The Chinese economic system is based on the concept of autocracy and state-directed capitalism. The Chinese challenge is playing out in four theaters: trade, North Korea, the South China Sea, and One Belt One Road. To do all those things requires dollars: trade provides the dollars. I don't believe that it is possible to resolve the trade problems with China within the WTO system and provide an equitable playing field. But if we isolate ourselves, we'll give China the world to develop its expertise and resources. The U.S. acting alone may not have much effect on China; the rest of the world needs to be aware of the challenges posed by China.
Keywords China * Trade * WTO * Tariffs * Economic security
We certainly can have American economic prosperity, security and global growth at the same time. I don't believe we can have one without the others. That might not be the thinking in Washington these days, but it is mine.
The critical concept here is economic security. In order to have economic security, we have to grow fast enough that we can sustain an adequate national defense to meet the threats and challenges that China and Russia pose: those of a traditional military nature, a propaganda nature, and so forth. But just as important we need to be able to sustain domestic support, especially among our young people, for capitalism and democracy.

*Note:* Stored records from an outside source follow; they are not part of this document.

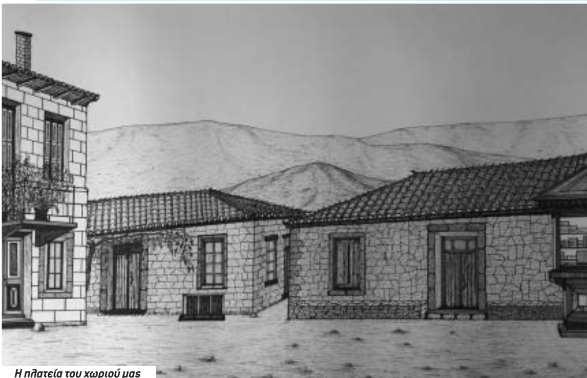
Η πλατεία του χωριού μας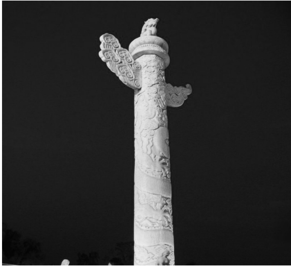
古代的華表是上達民情，起監察作用的

北宋末年，宋欽宗聽信投降派的謠言，把丞相李綱和大將種師道撤職。太學生陳東帶領了幾百名太學生，擁到皇宮的宣德門外，上書請願，要求朝廷恢復李綱、種師道的原職，懲辦李邦彥、白時中等奸臣。東京城的老百姓得知後，也都來到宣德門，聚集了幾萬人。宋欽宗在宮裡派人傳旨說：「李綱用兵失敗，朝廷不得已把他罷職；等金兵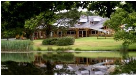
Etang aux Biches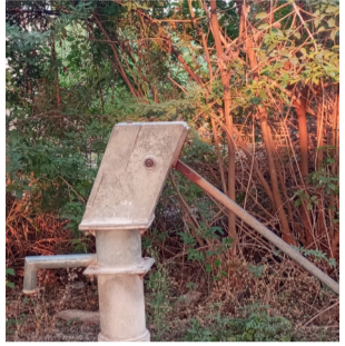
వెచ్చించాలని. దళితులు ప్రభుత్వాన్ని డిమాండ్ చేస్తున్నారు.

(మొదటి పేజీ తరువాయి) వర్షాకాలంలో తీవ్ర గాలి వర్షాలకు విద్యుత్ నిలిచిపోయి ఇళ్లలోనికి విద్యుత్తు నిలిచిపోయి అంధకారంలో దళితులు అల్లాడని రోజులు లేకపోలేదు. దళిత వాడల అభివృద్ధికి ప్రభుత్వం ఎస్సీ ఎస్టీ సబ్ ప్లాన్ నిధులు విడుదల చేస్తుంది. ఆ నిధులు దళితవాడల్లో అభివృద్ధికి సంబంధిత అధికారులు ప్రజాప్రతినిధులు సక్రమంగా వినియోగించక కనీస వసతులు లేక అభివృద్ధికి ఆమడ దూరంలో అంధకారంలో దళితవాడలో ని దళితులు కాలం వెళ్ళదీస్తున్నామని ఆవేదన వ్యక్తం చేస్తున్నారు. కొన్ని గ్రామాల్లో దళిత సర్పంచులు ఉన్నప్పటికీ, ఎస్సీ ఎస్టీ సబ్ ప్లాన్ నిధులతో పని చేయడం లేదు. నిధులన్నీ గ్రామ అభివృద్ధికి కేటాయిస్తూ దళితులైన బీసీలైన మరే కులాస్తులు సర్పంచ్ అయినా దళితవాడలను పట్టించుకోవడం లేదు. పర్యవేక్షించవలసిన సంబంధిత అధికారులు, ఏమీ పట్టనట్లు వ్యవహరిస్తున్నారని పలువురు విమర్శిస్తున్నారు. స్వతంత్రం వచ్చి 79 సంవత్సరాలు గడుస్తున్న దళిత వాడలు అభివృద్ధికి ఆమడ దూరంలో ఉన్నాయి. ఇప్పటికైనా సంబంధిత అధికారులు గ్రామాల్లో గల దళిత వాడలను సందర్శించి, అభివృద్ధి పనులు చేపట్టాలని, ప్రభుత్వం చర్య తీసుకొని ఎస్సీ ఎస్టీ సబ్ ప్లాన్ నిధులు

Millennial, if you poll them, have an affection for socialism. They do. This was quite evident before Alexandria Ocasio-Cortez came along. They also have some affection for the notion of an authoritarian government, or for someone who just makes decisions. I think we can blame those views on the lousy job market that is the legacy of the financial crisis, and the fact that the economy in this century just hasn't grown very rapidly.
As a consequence of those conditions, 40% of young people with a college degree are in jobs that don't require one. They don't earn very much money and they're saddled with a great deal of college debt. Further, this administration was not needed to bring dysfunctional personalities to Washington--we already had plenty of them here.
Dysfunction has reached a terrible level. It is in complete contrast to the past. For example, when Richard Nixon was elected president, the Democrats who controlled the Congress said, well, we're going to do our best to find a way to work with this guy. That is not what has happened for recent administrations, no matter which party had the top job.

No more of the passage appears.